# Exercise directions
Output, word for word and without pictures, the lines from the one containing "CARACTERÍSTICAS: Pulsera de" through the final line of the listing below.

----

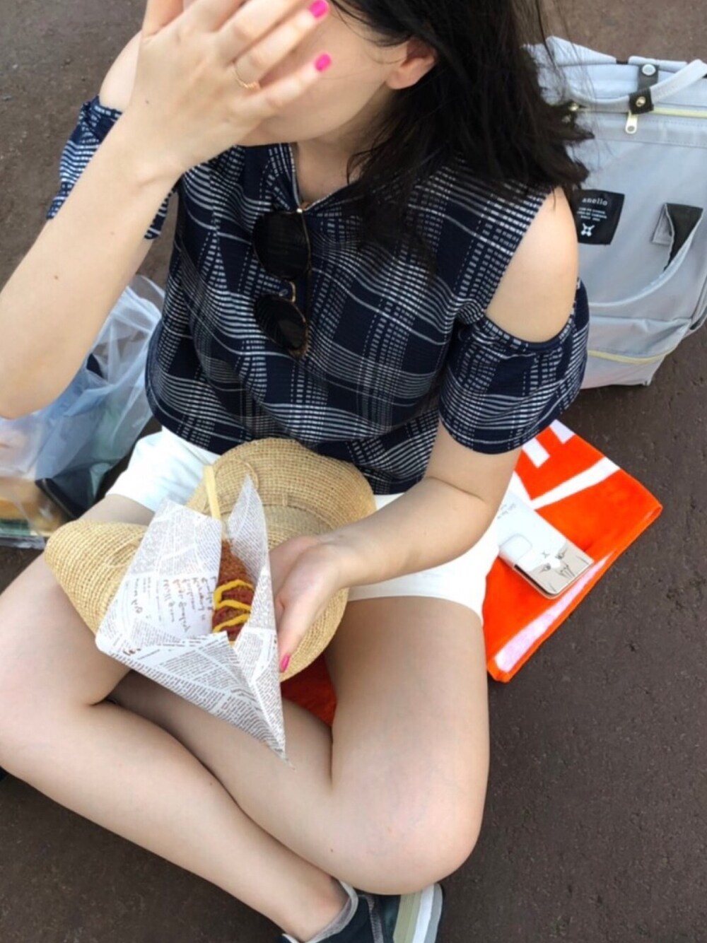 初めてチーズハットグを食べた日😗 肩出しでちょっと韓国風fashion💕
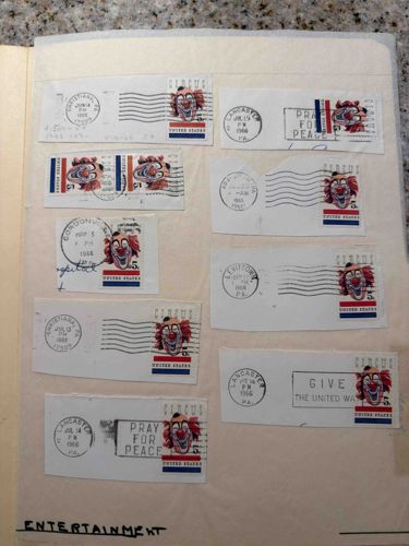 This collection consists of nine envelope snippets featuring the 1966 United States 5-cent Circus commemorative stamp (Scott #1309). The stamps depict a stylized clown face based on a design by artist Edward Cassel, intended to honor the American circus. Each stamp displays a red-haired clown with a blue and white striped background, featuring 'CIRCUS' at the top and 'UNITED STATES' at the bottom. These stamps have been clipped from original correspondences, retaining their mechanical postmarks. Notable cancellations include circular date stamps from Lancaster, Levittown, Christiana, and Gordonville, Pennsylvania, dating through July 1966. Variations in the postmarks are present, including 'Pray for Peace' slogan cancels and 'Give the United Way' box cancels. The condition is varied; while the stamps themselves appear intact with vibrant primary colors (red, white, and blue), the surrounding paper displays irregular hand-cut edges and some light toning. One snippet shows pencil notations of pricing or inventory numbers. The stamps are mounted on a cream-colored album page labeled 'ENTERTAINMENT' in black marker at the bottom. This group represents a specialized interest in postal history and topical circus philately from the mid-20th century.
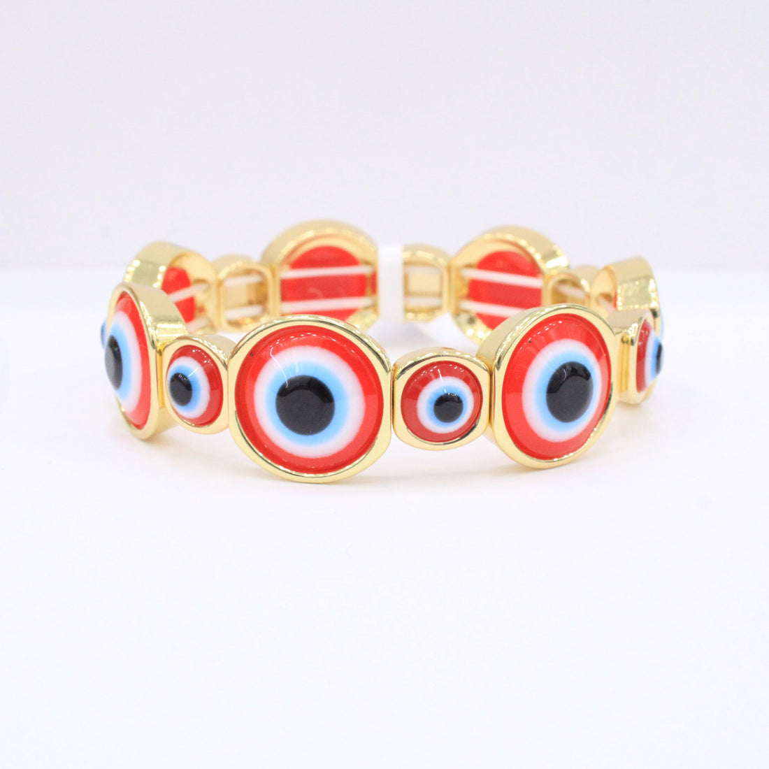 CARACTERÍSTICAS: Pulsera de aro con eslabones de ojo turco color rojo. Goldfiled fino de alta...
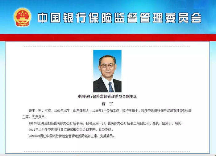 另外一位就是曹宇了,他历任国办秘书局、秘书三局干部,国办秘书二局副处长、处长、副局长、局长。2014年12月任中国银行业监督管理委员会副主席、党委委员。这次机构改革之后,成立银保监会,今年4月,国务院任免国家工作人员,明确曹宇出任银保监会副主席。
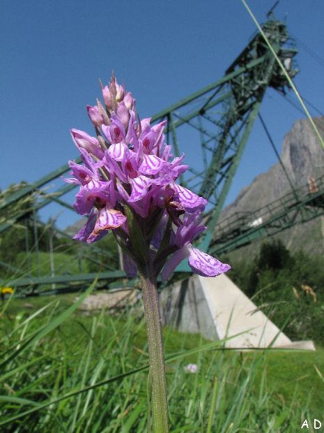 Une Orchidée avec en arrière plan le téléphérique à pylône unique, véritable prouesse technique dessiné par l'ingénieur Bleichert.

----

# Response to this exercise
 CARACTERÍSTICAS: Pulsera de aro con eslabones de ojo turco color rojo. Goldfiled fino de alta...
 另外一位就是曹宇了,他历任国办秘书局、秘书三局干部,国办秘书二局副处长、处长、副局长、局长。2014年12月任中国银行业监督管理委员会副主席、党委委员。这次机构改革之后,成立银保监会,今年4月,国务院任免国家工作人员,明确曹宇出任银保监会副主席。
 Une Orchidée avec en arrière plan le téléphérique à pylône unique, véritable prouesse technique dessiné par l'ingénieur Bleichert.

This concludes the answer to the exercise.